What do you think about when you hear the words “the future of finance?” For most people, images of mobile payments, online banking, and other cutting-edge technologies come to mind. But what about decentralization?
If you’re unfamiliar with the term, decentralized finance (DeFi) is a subset of blockchain technology that focuses on financial applications powered by distributed ledgers. In essence, DeFi represents the next generation of financial services, where individual users have more control and transparency over their finances.
Over the years, DeFi has changed the way we think about money, and with some of the key benefits of using DeFi, there are many possibilities this technology holds for the future.

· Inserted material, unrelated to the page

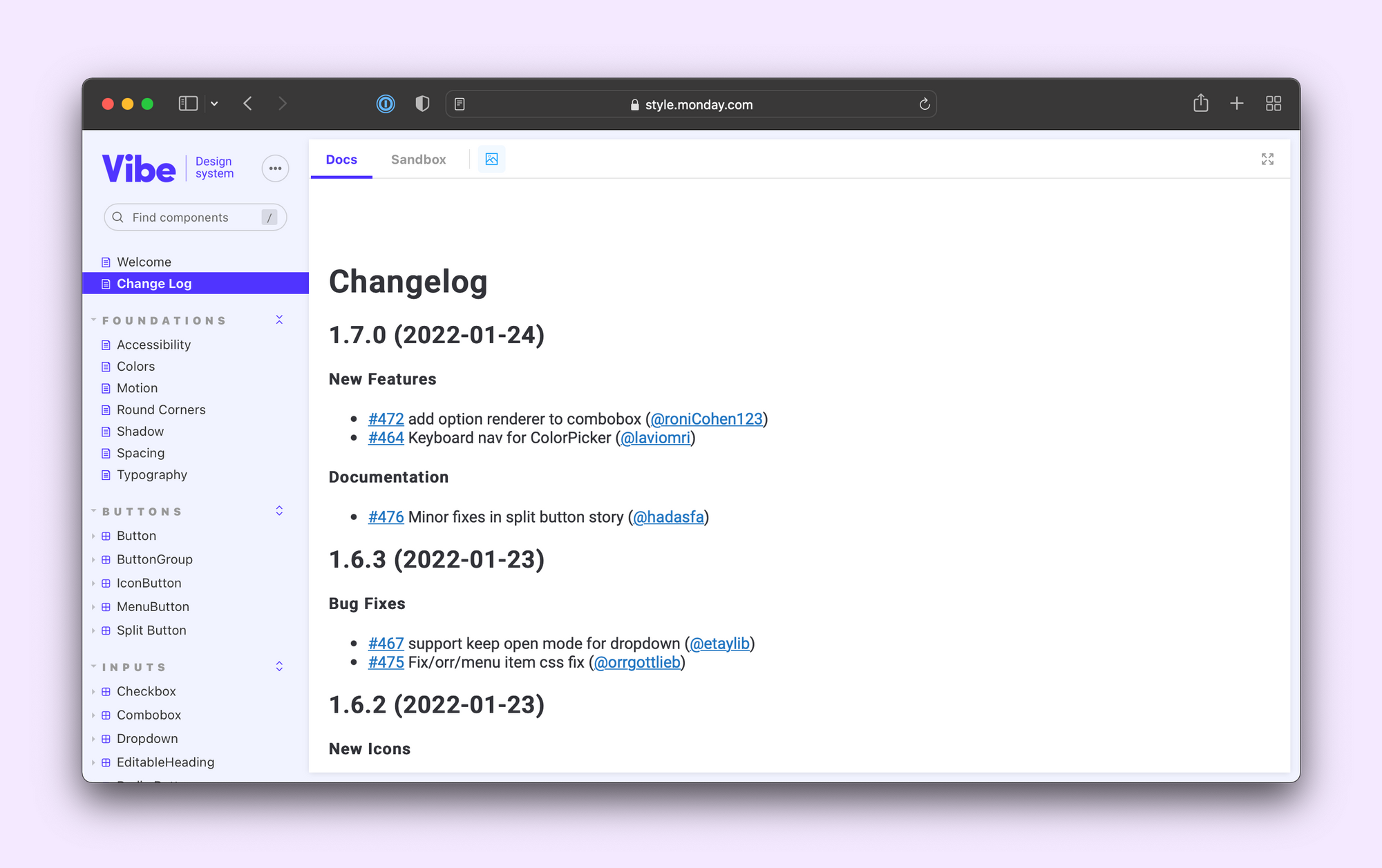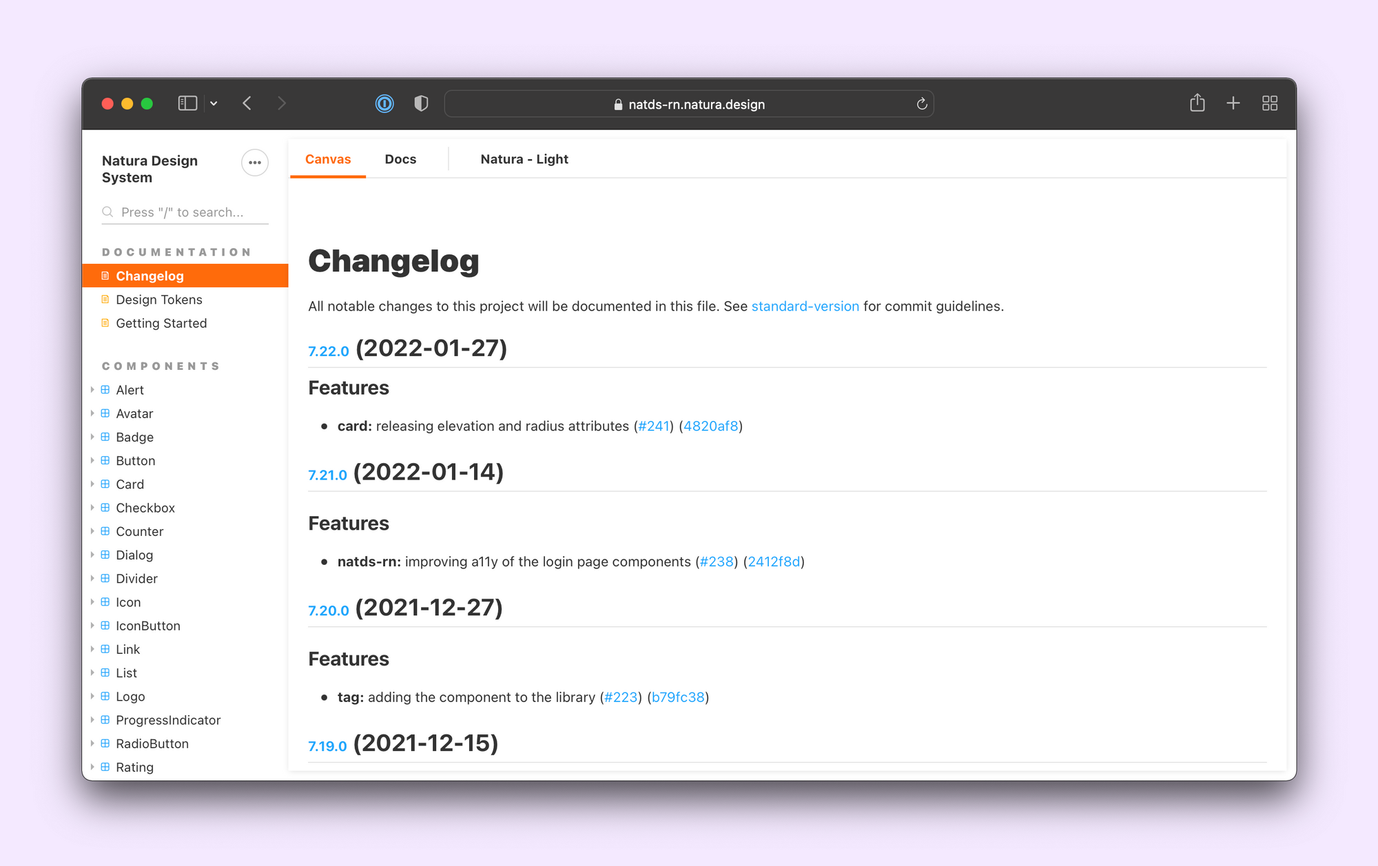 Healthy UI libraries and design systems receive constant updates. That means adding or removing components from your library or altering their APIs. The changelog page captures all these updates in one place. Itโs also an excellent spot to share your versioning strategy and project roadmap.

Also read: Potential Use Cases of Blockchain Technology for Cybersecurity
What is DeFi?
DeFi is a term used for Ethereum and other blockchain applications that allow for a peer-to-peer transaction without needing an intermediary such as a bank, central bank, or other financial institution. Because there is no central authority, all transactions are visible to everyone involved, providing more transparency and accountability.
In addition, DeFi applications tend to be more flexible and faster than traditional centralized systems, which can often be bogged down by bureaucracy. Moreover, users have direct control over their own funds in a DeFi system, meaning they can decide how to use their money without going through a third party.
While DeFi still has some associated risks, the potential benefits make it an appealing option for those looking for alternatives to traditional financial systems.
Current State and Potential of DeFi
In 2021, some outlets reported that DeFi’s growth on the Ethereum blockchain was 780% year-over-year. By the first quarter of 2022, the total value locked (TVL) in DeFi protocols was over $172 billion.
The current state of DeFi is characterized by four key trends: composability, yield farming, DeFi…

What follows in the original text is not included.